Pictures aside, reproduce exactly and only the lines below, starting at the one containing "Sport meets statement." and ending at the last line.

======== Supplied data

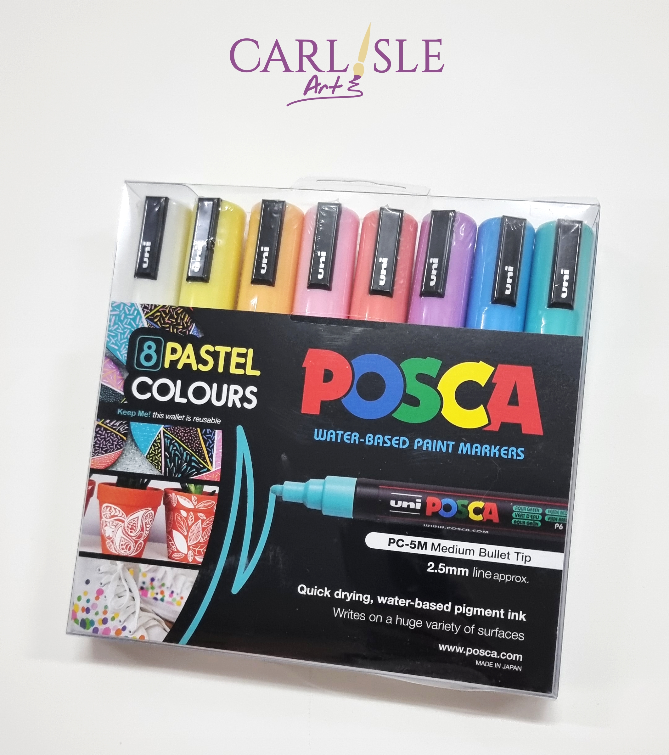 Posca Paint Markers Set of 8 Pastel Colours - 2.5mm Medium Bullet Tip
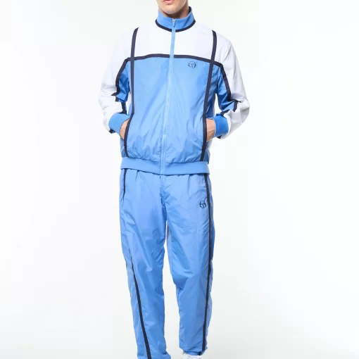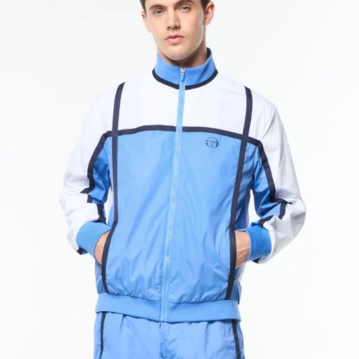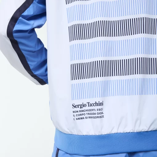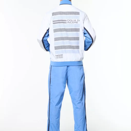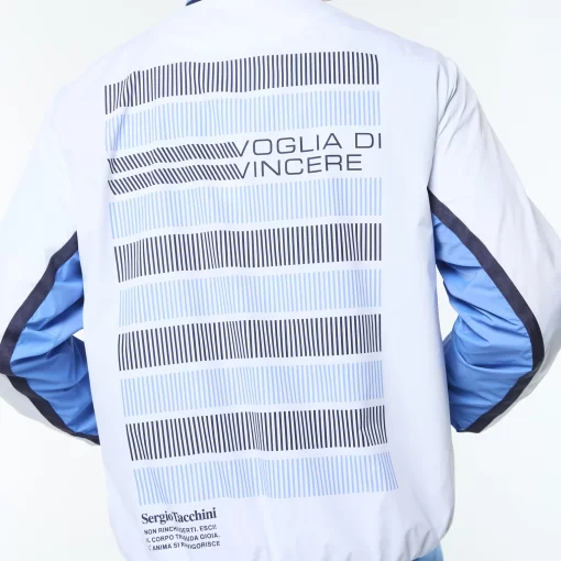 Sport meets statement. The Campo Court Track Jacket is crafted from crisp and lightweight nylon taffeta with a breathable mesh lining—built to move on and off the court. Bold color-block paneling and contrast taping deliver a dynamic visual punch, while custom Sergio Tacchini artwork and Italian sports slogans at the back celebrate the brand’s heritage. Voglia di vincere— desire to win.
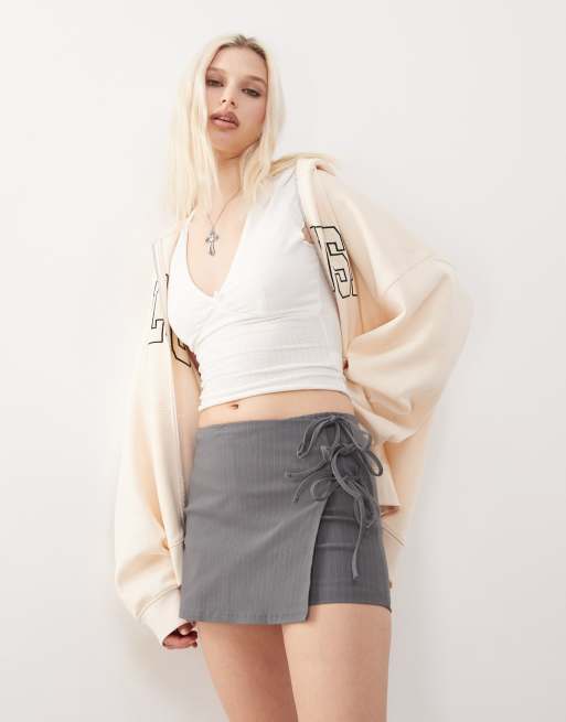 COLLUSION – Tief sitzende Skort in Wickeloptik mit Nadelstreifen und Schnürdetail
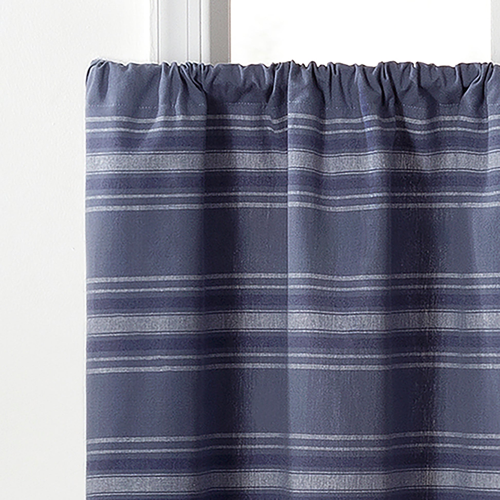 Refresh your kitchen, bathroom, or breakfast nook with the Martha Stewart Ruffle Stripe Tier Set. Crafted from 100% BCI cotton, these light-filtering tiers brighten your space with soft, natural light. The subtle stripes keep things classic, and the playful ruffle hem lends a sweet, elevated touch.

================

Exercise response:
 Sport meets statement. The Campo Court Track Jacket is crafted from crisp and lightweight nylon taffeta with a breathable mesh lining—built to move on and off the court. Bold color-block paneling and contrast taping deliver a dynamic visual punch, while custom Sergio Tacchini artwork and Italian sports slogans at the back celebrate the brand’s heritage. Voglia di vincere— desire to win.
 COLLUSION – Tief sitzende Skort in Wickeloptik mit Nadelstreifen und Schnürdetail
 Refresh your kitchen, bathroom, or breakfast nook with the Martha Stewart Ruffle Stripe Tier Set. Crafted from 100% BCI cotton, these light-filtering tiers brighten your space with soft, natural light. The subtle stripes keep things classic, and the playful ruffle hem lends a sweet, elevated touch.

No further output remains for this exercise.